2012/06/27

今日は、いまの私。

次の記事も、次の次に書きたいこともちゃんとメモしてあるのですが、なかなか言葉が始まりません。

子猫たちのこととか。
むくどりのこととか。
つばめたちのこととか。
魚屋のおじさんのこととか。(笑)

ネタは他にもたくさんあるのですが、わたしの中でなかなか始まりません。
結果がないんです。(ネタなのに?)で、書きにくいなー、と感じる自分がいます。
でも、書きはじめているので、もう少し待っててくださいね。



ここを訪れてくださる方が少しずつ増えてきて、嬉しいです。

わたしはツイッターをしていて、おもに、どうぶつ関連の方をフォローしています。そういう方のつぶやきを見ていると、本当にどうぶつ愛護に熱心な方が多くて、頭がさがります。そして、感謝したくなります。特に、行政や自治体、法律がらみの案件は変化するまでが本当に大変なのですが、あきらめずに行動を続けていらっしゃる方々に心から感謝したいと思います。

私自身も愛玩動物飼養管理士の資格(いまは2級です)を今年1月に取得しました。BBSHを卒業見込みとなった時点で、自分らしく手当てヒーリングをやっていくためには、どんなことが出来るかな?と見直し始めた矢先、さまざまな情報を検索していて、同資格のことを知りました。

何もしないよりはマシ、それに動物の解剖学をもっと勉強したいと願っていたころでした。おかげさまで、法律から飼育方法まで、多岐にわたって学ぶことができました。犬猫のほかに、ウサギ、ハムスター、鳥類、爬虫類まで。

自分で飼ったことがあるのは犬猫までなので、現在のところは手当てヒーリングも犬猫で承っています。
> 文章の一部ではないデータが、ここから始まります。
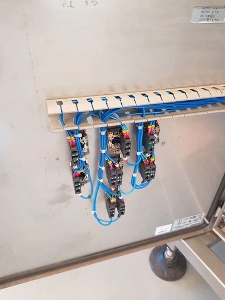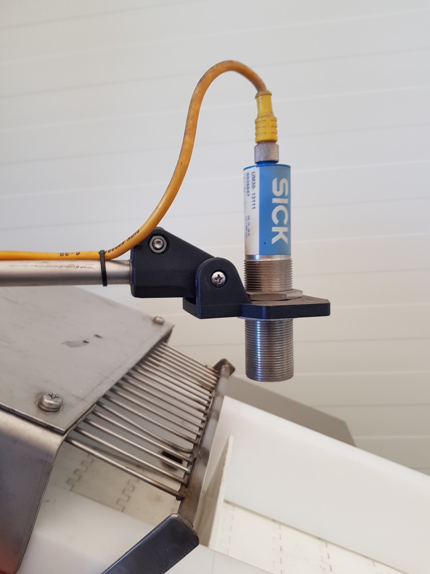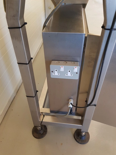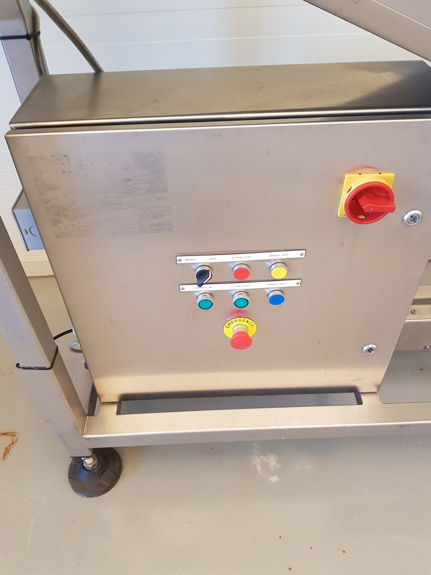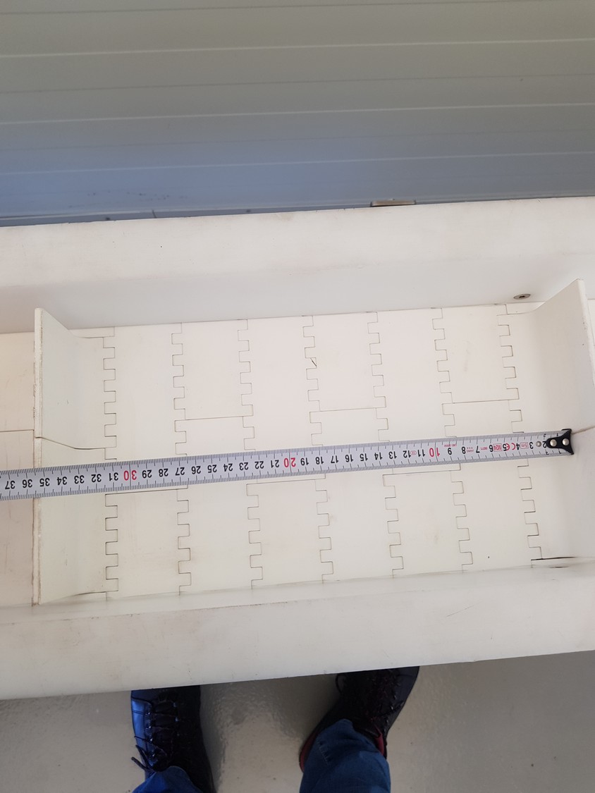 Marco Weighing Systems Ltd. elevating belt, number: 18185, year of construction: Dec 2006, belt width: 200 mm, distance between dividers: 350 mm, elevating height: 1650 mm, dimensions: 7750 mm x 600 mm x 1850 mm.

けれど、それ以外の動物をヒーリングしてほしいとご希望のお客様がいらっしゃって、そういった動物たちをまだヒーリングした経験がない私でもかまわない、とおっしゃってくださる方がいらしたら、ぜひお声がけいただきたいと思います。出来る限りのことをさせていただきます。



愛犬をヒーリングするたびに思うのは、どうぶつの素直さとエネルギーに対する敏感さです。必要なら受け取り、十分になったら、すくっと起き上がったり、向きを変えたりして「もう、いいよ。」と知らせてくれます。3分のときもあれば、10分のときもあります。

自分のペットに人生相談をする人が全体の85%いる、という記事をインターネットで読みました。わたしは以前からこれには賛成できません。彼らは言葉を理解しなくとも、そのエネルギーに敏感に反応します。ネガティブな相談をして、飼い主は助かることでしょう。相手は無条件の愛で飼い主を受け止めてくれますから。

でも、そのペットはどこへ相談するのでしょうか?

「最近、わたしの飼い主は愚痴ばかり聞かせるんです。会社のことや、同僚のこと、果てはガールフレンド(ボーイフレンド)と別れたとかなんとか・・・。もう、耐えられません!」

もちろん、私のところへ来てくださっても構いませんが(笑)、飼い主さんには、ペットにもストレスがたまるということを忘れて欲しくはないのです。だまって聞いてくれている、目の前のペットがあなたのネガティブなエネルギーの影響を何ひとつ受けていないと思わないでほしいのです。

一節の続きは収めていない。